## EXERCISE AIM
Return all the lines below exactly. Any picture among them is omitted.

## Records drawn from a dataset
───

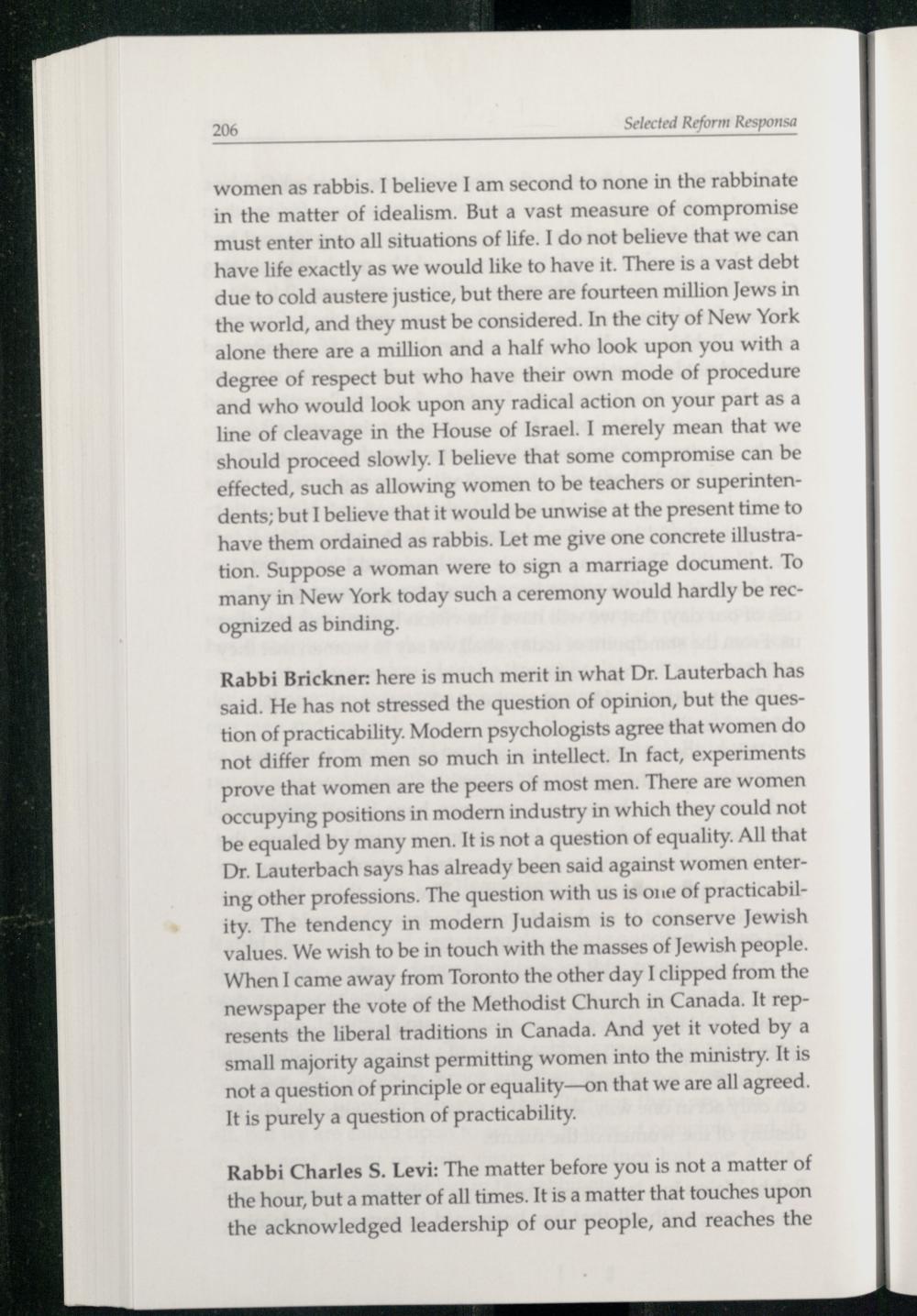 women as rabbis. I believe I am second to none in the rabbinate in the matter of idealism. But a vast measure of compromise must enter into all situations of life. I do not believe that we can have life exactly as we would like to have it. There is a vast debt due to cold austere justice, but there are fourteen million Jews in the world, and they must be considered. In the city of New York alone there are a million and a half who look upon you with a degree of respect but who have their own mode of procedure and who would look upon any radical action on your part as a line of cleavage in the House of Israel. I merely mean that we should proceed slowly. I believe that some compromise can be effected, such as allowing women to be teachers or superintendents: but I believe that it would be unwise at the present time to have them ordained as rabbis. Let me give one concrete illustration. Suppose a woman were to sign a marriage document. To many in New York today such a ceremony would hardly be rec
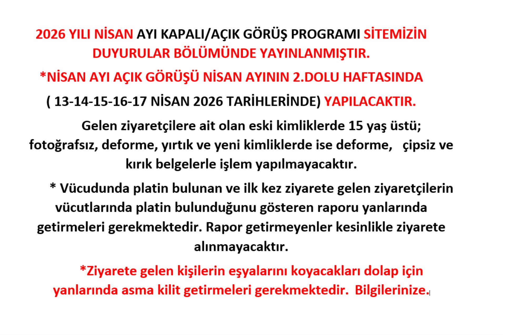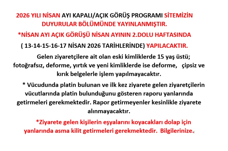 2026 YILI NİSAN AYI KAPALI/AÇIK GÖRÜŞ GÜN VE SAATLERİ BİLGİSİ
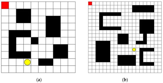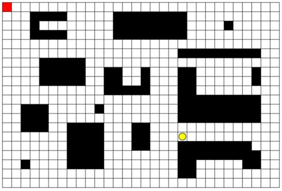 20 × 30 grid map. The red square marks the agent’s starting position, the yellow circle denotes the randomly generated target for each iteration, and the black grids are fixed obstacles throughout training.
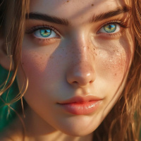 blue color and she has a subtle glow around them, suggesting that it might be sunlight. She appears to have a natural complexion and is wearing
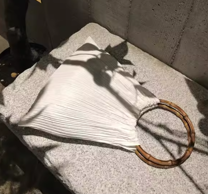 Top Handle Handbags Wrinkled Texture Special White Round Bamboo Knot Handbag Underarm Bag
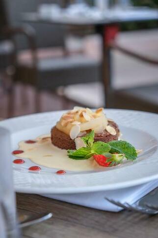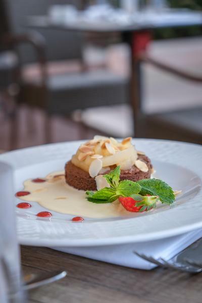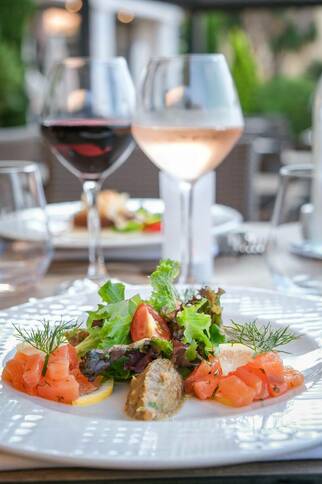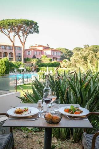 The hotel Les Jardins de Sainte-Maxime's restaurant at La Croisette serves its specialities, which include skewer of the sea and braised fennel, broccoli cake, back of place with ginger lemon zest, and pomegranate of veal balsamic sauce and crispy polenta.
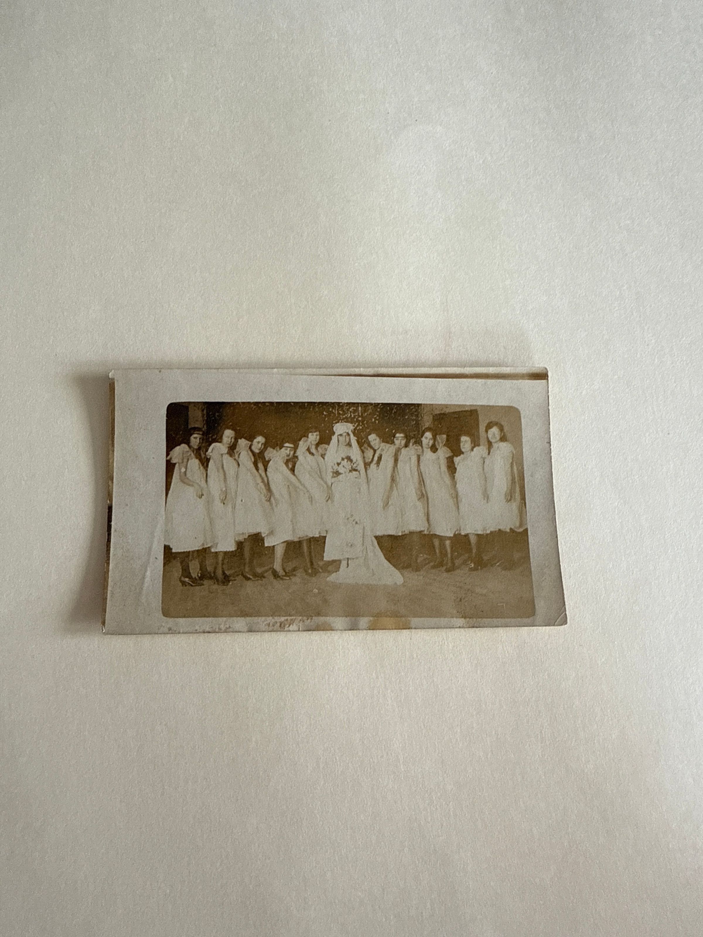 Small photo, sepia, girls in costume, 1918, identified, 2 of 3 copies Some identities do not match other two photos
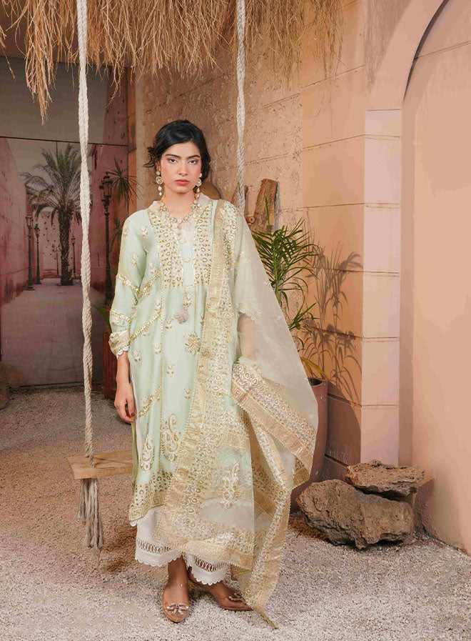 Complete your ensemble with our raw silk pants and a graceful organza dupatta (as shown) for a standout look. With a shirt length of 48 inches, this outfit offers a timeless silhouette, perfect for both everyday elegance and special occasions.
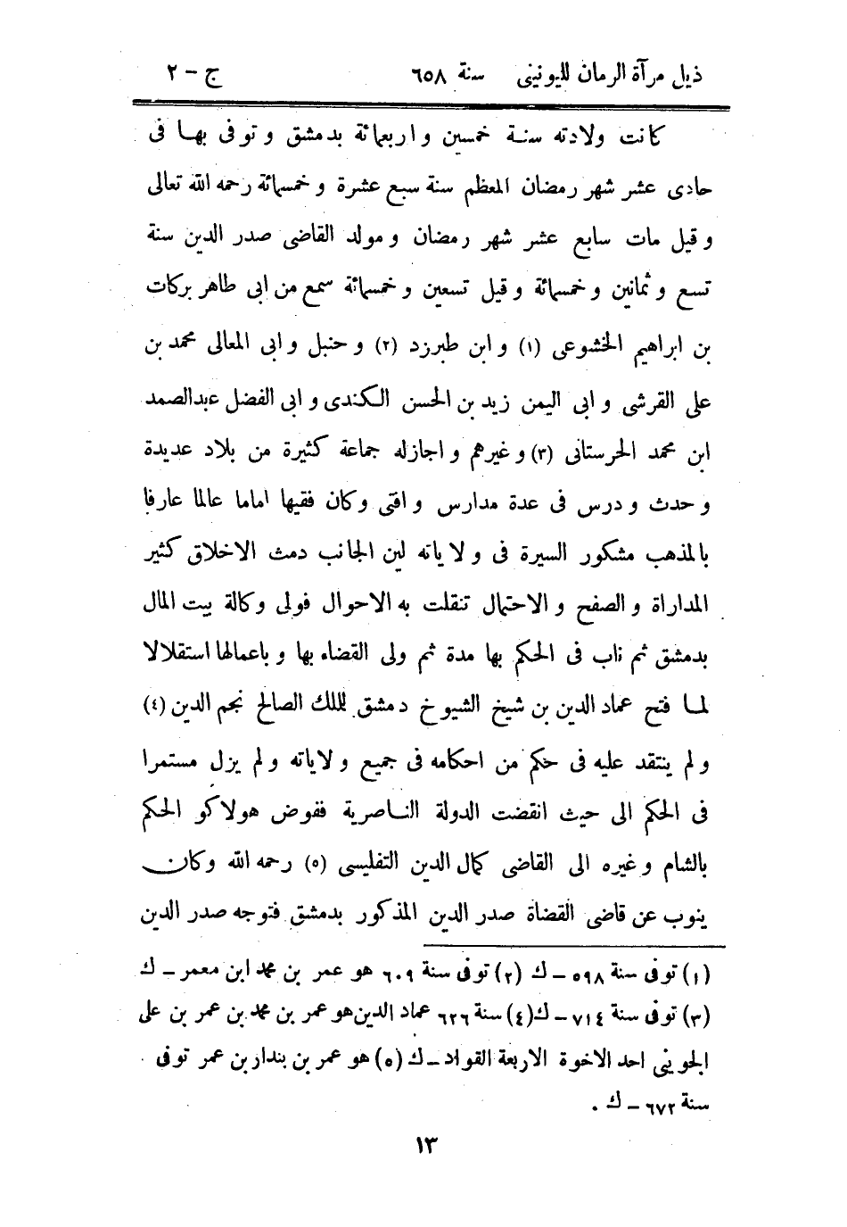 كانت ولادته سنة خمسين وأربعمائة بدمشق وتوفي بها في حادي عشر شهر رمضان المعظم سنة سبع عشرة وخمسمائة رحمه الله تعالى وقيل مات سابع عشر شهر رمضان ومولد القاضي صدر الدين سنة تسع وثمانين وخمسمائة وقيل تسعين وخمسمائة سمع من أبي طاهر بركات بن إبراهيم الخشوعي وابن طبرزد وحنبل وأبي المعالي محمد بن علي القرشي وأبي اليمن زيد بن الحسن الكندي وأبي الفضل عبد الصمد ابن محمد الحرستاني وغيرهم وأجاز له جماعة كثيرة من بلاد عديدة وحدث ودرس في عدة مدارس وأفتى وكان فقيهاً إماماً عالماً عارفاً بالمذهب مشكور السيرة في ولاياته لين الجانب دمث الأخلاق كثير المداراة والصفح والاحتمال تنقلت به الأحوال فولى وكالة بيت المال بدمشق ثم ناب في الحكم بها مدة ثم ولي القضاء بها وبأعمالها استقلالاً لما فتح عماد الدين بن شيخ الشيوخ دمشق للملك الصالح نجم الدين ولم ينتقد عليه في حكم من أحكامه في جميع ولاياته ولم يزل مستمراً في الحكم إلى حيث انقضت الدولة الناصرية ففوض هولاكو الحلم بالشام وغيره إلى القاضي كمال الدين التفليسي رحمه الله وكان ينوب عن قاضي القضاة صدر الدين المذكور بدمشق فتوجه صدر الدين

───

## ANSWER FOR THE TASK
 women as rabbis. I believe I am second to none in the rabbinate in the matter of idealism. But a vast measure of compromise must enter into all situations of life. I do not believe that we can have life exactly as we would like to have it. There is a vast debt due to cold austere justice, but there are fourteen million Jews in the world, and they must be considered. In the city of New York alone there are a million and a half who look upon you with a degree of respect but who have their own mode of procedure and who would look upon any radical action on your part as a line of cleavage in the House of Israel. I merely mean that we should proceed slowly. I believe that some compromise can be effected, such as allowing women to be teachers or superintendents: but I believe that it would be unwise at the present time to have them ordained as rabbis. Let me give one concrete illustration. Suppose a woman were to sign a marriage document. To many in New York today such a ceremony would hardly be rec
 2026 YILI NİSAN AYI KAPALI/AÇIK GÖRÜŞ GÜN VE SAATLERİ BİLGİSİ
 20 × 30 grid map. The red square marks the agent’s starting position, the yellow circle denotes the randomly generated target for each iteration, and the black grids are fixed obstacles throughout training.
 blue color and she has a subtle glow around them, suggesting that it might be sunlight. She appears to have a natural complexion and is wearing
 Top Handle Handbags Wrinkled Texture Special White Round Bamboo Knot Handbag Underarm Bag
 The hotel Les Jardins de Sainte-Maxime's restaurant at La Croisette serves its specialities, which include skewer of the sea and braised fennel, broccoli cake, back of place with ginger lemon zest, and pomegranate of veal balsamic sauce and crispy polenta.
 Small photo, sepia, girls in costume, 1918, identified, 2 of 3 copies Some identities do not match other two photos
 Complete your ensemble with our raw silk pants and a graceful organza dupatta (as shown) for a standout look. With a shirt length of 48 inches, this outfit offers a timeless silhouette, perfect for both everyday elegance and special occasions.
 كانت ولادته سنة خمسين وأربعمائة بدمشق وتوفي بها في حادي عشر شهر رمضان المعظم سنة سبع عشرة وخمسمائة رحمه الله تعالى وقيل مات سابع عشر شهر رمضان ومولد القاضي صدر الدين سنة تسع وثمانين وخمسمائة وقيل تسعين وخمسمائة سمع من أبي طاهر بركات بن إبراهيم الخشوعي وابن طبرزد وحنبل وأبي المعالي محمد بن علي القرشي وأبي اليمن زيد بن الحسن الكندي وأبي الفضل عبد الصمد ابن محمد الحرستاني وغيرهم وأجاز له جماعة كثيرة من بلاد عديدة وحدث ودرس في عدة مدارس وأفتى وكان فقيهاً إماماً عالماً عارفاً بالمذهب مشكور السيرة في ولاياته لين الجانب دمث الأخلاق كثير المداراة والصفح والاحتمال تنقلت به الأحوال فولى وكالة بيت المال بدمشق ثم ناب في الحكم بها مدة ثم ولي القضاء بها وبأعمالها استقلالاً لما فتح عماد الدين بن شيخ الشيوخ دمشق للملك الصالح نجم الدين ولم ينتقد عليه في حكم من أحكامه في جميع ولاياته ولم يزل مستمراً في الحكم إلى حيث انقضت الدولة الناصرية ففوض هولاكو الحلم بالشام وغيره إلى القاضي كمال الدين التفليسي رحمه الله وكان ينوب عن قاضي القضاة صدر الدين المذكور بدمشق فتوجه صدر الدين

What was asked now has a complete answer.